* EXTRACTED MATERIAL:
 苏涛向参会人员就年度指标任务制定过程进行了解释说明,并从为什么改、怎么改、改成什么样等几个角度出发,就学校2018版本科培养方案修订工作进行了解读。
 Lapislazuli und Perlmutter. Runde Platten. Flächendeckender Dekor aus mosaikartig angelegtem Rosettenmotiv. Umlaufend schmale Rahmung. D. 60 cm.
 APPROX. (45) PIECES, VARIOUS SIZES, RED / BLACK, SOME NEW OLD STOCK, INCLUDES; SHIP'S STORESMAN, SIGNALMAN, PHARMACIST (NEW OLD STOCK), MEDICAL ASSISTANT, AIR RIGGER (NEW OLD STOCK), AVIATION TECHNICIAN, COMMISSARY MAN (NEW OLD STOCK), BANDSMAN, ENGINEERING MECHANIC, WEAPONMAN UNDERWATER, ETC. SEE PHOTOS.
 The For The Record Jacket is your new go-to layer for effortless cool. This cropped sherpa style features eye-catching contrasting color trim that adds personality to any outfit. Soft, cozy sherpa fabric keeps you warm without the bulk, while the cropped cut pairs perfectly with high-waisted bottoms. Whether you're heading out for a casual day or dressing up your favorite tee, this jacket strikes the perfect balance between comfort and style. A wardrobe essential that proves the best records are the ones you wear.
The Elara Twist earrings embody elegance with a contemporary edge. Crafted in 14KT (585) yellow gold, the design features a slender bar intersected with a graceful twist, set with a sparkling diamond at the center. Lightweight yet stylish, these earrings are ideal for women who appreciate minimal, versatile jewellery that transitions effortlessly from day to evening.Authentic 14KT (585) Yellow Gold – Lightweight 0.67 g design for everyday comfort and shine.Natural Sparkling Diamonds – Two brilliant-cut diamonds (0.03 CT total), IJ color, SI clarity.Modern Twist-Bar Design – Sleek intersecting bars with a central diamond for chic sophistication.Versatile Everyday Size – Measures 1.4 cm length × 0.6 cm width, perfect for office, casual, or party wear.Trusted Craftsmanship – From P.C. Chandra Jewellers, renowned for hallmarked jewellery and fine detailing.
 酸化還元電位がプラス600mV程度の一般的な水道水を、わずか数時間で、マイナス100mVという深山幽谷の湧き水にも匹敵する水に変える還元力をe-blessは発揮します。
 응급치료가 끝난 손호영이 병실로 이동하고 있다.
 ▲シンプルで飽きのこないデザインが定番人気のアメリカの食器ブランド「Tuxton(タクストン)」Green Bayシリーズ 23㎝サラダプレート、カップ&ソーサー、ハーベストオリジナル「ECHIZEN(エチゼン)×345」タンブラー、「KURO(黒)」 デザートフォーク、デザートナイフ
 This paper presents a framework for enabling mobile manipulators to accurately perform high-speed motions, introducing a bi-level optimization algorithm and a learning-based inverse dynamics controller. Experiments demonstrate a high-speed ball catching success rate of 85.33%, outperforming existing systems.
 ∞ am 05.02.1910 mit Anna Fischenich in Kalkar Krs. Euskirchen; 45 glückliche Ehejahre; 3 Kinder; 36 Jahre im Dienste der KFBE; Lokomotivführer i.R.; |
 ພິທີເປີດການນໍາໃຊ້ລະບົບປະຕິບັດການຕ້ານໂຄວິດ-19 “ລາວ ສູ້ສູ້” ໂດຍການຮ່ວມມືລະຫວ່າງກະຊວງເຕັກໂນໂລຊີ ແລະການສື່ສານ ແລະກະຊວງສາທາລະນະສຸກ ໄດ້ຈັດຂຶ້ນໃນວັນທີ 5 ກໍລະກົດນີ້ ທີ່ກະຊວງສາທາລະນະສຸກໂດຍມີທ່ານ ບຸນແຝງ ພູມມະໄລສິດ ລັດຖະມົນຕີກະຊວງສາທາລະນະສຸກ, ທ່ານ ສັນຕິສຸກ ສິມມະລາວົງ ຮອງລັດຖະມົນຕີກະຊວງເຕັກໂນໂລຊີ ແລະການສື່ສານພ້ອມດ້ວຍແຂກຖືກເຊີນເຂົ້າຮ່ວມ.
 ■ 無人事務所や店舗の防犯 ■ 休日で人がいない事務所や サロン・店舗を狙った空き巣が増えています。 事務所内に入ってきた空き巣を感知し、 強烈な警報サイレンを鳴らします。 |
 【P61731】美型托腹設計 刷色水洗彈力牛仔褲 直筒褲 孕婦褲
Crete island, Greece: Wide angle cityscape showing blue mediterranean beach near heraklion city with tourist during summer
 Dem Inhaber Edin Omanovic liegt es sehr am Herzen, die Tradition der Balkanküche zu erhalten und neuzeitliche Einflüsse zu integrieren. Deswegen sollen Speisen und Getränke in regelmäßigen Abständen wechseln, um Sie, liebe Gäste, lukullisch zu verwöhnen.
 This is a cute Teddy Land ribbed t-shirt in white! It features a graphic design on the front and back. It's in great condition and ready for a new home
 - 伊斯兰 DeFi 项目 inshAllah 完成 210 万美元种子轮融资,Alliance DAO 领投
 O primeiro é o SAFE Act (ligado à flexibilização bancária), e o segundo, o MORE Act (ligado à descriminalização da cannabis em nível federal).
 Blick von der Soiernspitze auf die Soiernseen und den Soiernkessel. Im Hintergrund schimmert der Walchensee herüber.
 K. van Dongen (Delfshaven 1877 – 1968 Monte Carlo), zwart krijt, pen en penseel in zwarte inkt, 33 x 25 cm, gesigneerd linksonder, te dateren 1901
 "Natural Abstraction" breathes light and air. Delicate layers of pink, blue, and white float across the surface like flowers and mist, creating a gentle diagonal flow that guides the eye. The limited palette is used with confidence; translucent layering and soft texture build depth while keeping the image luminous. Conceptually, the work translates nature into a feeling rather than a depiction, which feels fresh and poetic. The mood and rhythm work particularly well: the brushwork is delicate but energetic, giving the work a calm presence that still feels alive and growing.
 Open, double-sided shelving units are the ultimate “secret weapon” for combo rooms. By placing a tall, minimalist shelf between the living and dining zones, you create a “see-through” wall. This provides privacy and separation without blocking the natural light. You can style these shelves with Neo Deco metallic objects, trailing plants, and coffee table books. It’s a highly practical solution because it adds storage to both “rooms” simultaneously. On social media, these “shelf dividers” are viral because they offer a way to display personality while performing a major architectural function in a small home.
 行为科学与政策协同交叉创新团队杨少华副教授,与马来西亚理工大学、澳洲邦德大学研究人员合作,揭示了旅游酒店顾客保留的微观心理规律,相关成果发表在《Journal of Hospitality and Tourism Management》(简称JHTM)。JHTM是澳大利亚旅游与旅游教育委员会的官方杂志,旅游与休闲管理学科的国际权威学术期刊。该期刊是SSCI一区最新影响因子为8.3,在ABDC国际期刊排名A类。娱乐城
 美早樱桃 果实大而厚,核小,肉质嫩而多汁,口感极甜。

* YOUR OBJECTIVE: Retype each entry exactly, leaving none of them out.

* RESULT OF THE TASK:
 苏涛向参会人员就年度指标任务制定过程进行了解释说明,并从为什么改、怎么改、改成什么样等几个角度出发,就学校2018版本科培养方案修订工作进行了解读。
 Lapislazuli und Perlmutter. Runde Platten. Flächendeckender Dekor aus mosaikartig angelegtem Rosettenmotiv. Umlaufend schmale Rahmung. D. 60 cm.
 APPROX. (45) PIECES, VARIOUS SIZES, RED / BLACK, SOME NEW OLD STOCK, INCLUDES; SHIP'S STORESMAN, SIGNALMAN, PHARMACIST (NEW OLD STOCK), MEDICAL ASSISTANT, AIR RIGGER (NEW OLD STOCK), AVIATION TECHNICIAN, COMMISSARY MAN (NEW OLD STOCK), BANDSMAN, ENGINEERING MECHANIC, WEAPONMAN UNDERWATER, ETC. SEE PHOTOS.
 The For The Record Jacket is your new go-to layer for effortless cool. This cropped sherpa style features eye-catching contrasting color trim that adds personality to any outfit. Soft, cozy sherpa fabric keeps you warm without the bulk, while the cropped cut pairs perfectly with high-waisted bottoms. Whether you're heading out for a casual day or dressing up your favorite tee, this jacket strikes the perfect balance between comfort and style. A wardrobe essential that proves the best records are the ones you wear.
The Elara Twist earrings embody elegance with a contemporary edge. Crafted in 14KT (585) yellow gold, the design features a slender bar intersected with a graceful twist, set with a sparkling diamond at the center. Lightweight yet stylish, these earrings are ideal for women who appreciate minimal, versatile jewellery that transitions effortlessly from day to evening.Authentic 14KT (585) Yellow Gold – Lightweight 0.67 g design for everyday comfort and shine.Natural Sparkling Diamonds – Two brilliant-cut diamonds (0.03 CT total), IJ color, SI clarity.Modern Twist-Bar Design – Sleek intersecting bars with a central diamond for chic sophistication.Versatile Everyday Size – Measures 1.4 cm length × 0.6 cm width, perfect for office, casual, or party wear.Trusted Craftsmanship – From P.C. Chandra Jewellers, renowned for hallmarked jewellery and fine detailing.
 酸化還元電位がプラス600mV程度の一般的な水道水を、わずか数時間で、マイナス100mVという深山幽谷の湧き水にも匹敵する水に変える還元力をe-blessは発揮します。
 응급치료가 끝난 손호영이 병실로 이동하고 있다.
 ▲シンプルで飽きのこないデザインが定番人気のアメリカの食器ブランド「Tuxton(タクストン)」Green Bayシリーズ 23㎝サラダプレート、カップ&ソーサー、ハーベストオリジナル「ECHIZEN(エチゼン)×345」タンブラー、「KURO(黒)」 デザートフォーク、デザートナイフ
 This paper presents a framework for enabling mobile manipulators to accurately perform high-speed motions, introducing a bi-level optimization algorithm and a learning-based inverse dynamics controller. Experiments demonstrate a high-speed ball catching success rate of 85.33%, outperforming existing systems.
 ∞ am 05.02.1910 mit Anna Fischenich in Kalkar Krs. Euskirchen; 45 glückliche Ehejahre; 3 Kinder; 36 Jahre im Dienste der KFBE; Lokomotivführer i.R.; |
 ພິທີເປີດການນໍາໃຊ້ລະບົບປະຕິບັດການຕ້ານໂຄວິດ-19 “ລາວ ສູ້ສູ້” ໂດຍການຮ່ວມມືລະຫວ່າງກະຊວງເຕັກໂນໂລຊີ ແລະການສື່ສານ ແລະກະຊວງສາທາລະນະສຸກ ໄດ້ຈັດຂຶ້ນໃນວັນທີ 5 ກໍລະກົດນີ້ ທີ່ກະຊວງສາທາລະນະສຸກໂດຍມີທ່ານ ບຸນແຝງ ພູມມະໄລສິດ ລັດຖະມົນຕີກະຊວງສາທາລະນະສຸກ, ທ່ານ ສັນຕິສຸກ ສິມມະລາວົງ ຮອງລັດຖະມົນຕີກະຊວງເຕັກໂນໂລຊີ ແລະການສື່ສານພ້ອມດ້ວຍແຂກຖືກເຊີນເຂົ້າຮ່ວມ.
 ■ 無人事務所や店舗の防犯 ■ 休日で人がいない事務所や サロン・店舗を狙った空き巣が増えています。 事務所内に入ってきた空き巣を感知し、 強烈な警報サイレンを鳴らします。 |
 【P61731】美型托腹設計 刷色水洗彈力牛仔褲 直筒褲 孕婦褲
Crete island, Greece: Wide angle cityscape showing blue mediterranean beach near heraklion city with tourist during summer
 Dem Inhaber Edin Omanovic liegt es sehr am Herzen, die Tradition der Balkanküche zu erhalten und neuzeitliche Einflüsse zu integrieren. Deswegen sollen Speisen und Getränke in regelmäßigen Abständen wechseln, um Sie, liebe Gäste, lukullisch zu verwöhnen.
 This is a cute Teddy Land ribbed t-shirt in white! It features a graphic design on the front and back. It's in great condition and ready for a new home
 - 伊斯兰 DeFi 项目 inshAllah 完成 210 万美元种子轮融资,Alliance DAO 领投
 O primeiro é o SAFE Act (ligado à flexibilização bancária), e o segundo, o MORE Act (ligado à descriminalização da cannabis em nível federal).
 Blick von der Soiernspitze auf die Soiernseen und den Soiernkessel. Im Hintergrund schimmert der Walchensee herüber.
 K. van Dongen (Delfshaven 1877 – 1968 Monte Carlo), zwart krijt, pen en penseel in zwarte inkt, 33 x 25 cm, gesigneerd linksonder, te dateren 1901
 "Natural Abstraction" breathes light and air. Delicate layers of pink, blue, and white float across the surface like flowers and mist, creating a gentle diagonal flow that guides the eye. The limited palette is used with confidence; translucent layering and soft texture build depth while keeping the image luminous. Conceptually, the work translates nature into a feeling rather than a depiction, which feels fresh and poetic. The mood and rhythm work particularly well: the brushwork is delicate but energetic, giving the work a calm presence that still feels alive and growing.
 Open, double-sided shelving units are the ultimate “secret weapon” for combo rooms. By placing a tall, minimalist shelf between the living and dining zones, you create a “see-through” wall. This provides privacy and separation without blocking the natural light. You can style these shelves with Neo Deco metallic objects, trailing plants, and coffee table books. It’s a highly practical solution because it adds storage to both “rooms” simultaneously. On social media, these “shelf dividers” are viral because they offer a way to display personality while performing a major architectural function in a small home.
 行为科学与政策协同交叉创新团队杨少华副教授,与马来西亚理工大学、澳洲邦德大学研究人员合作,揭示了旅游酒店顾客保留的微观心理规律,相关成果发表在《Journal of Hospitality and Tourism Management》(简称JHTM)。JHTM是澳大利亚旅游与旅游教育委员会的官方杂志,旅游与休闲管理学科的国际权威学术期刊。该期刊是SSCI一区最新影响因子为8.3,在ABDC国际期刊排名A类。娱乐城
 美早樱桃 果实大而厚,核小,肉质嫩而多汁,口感极甜。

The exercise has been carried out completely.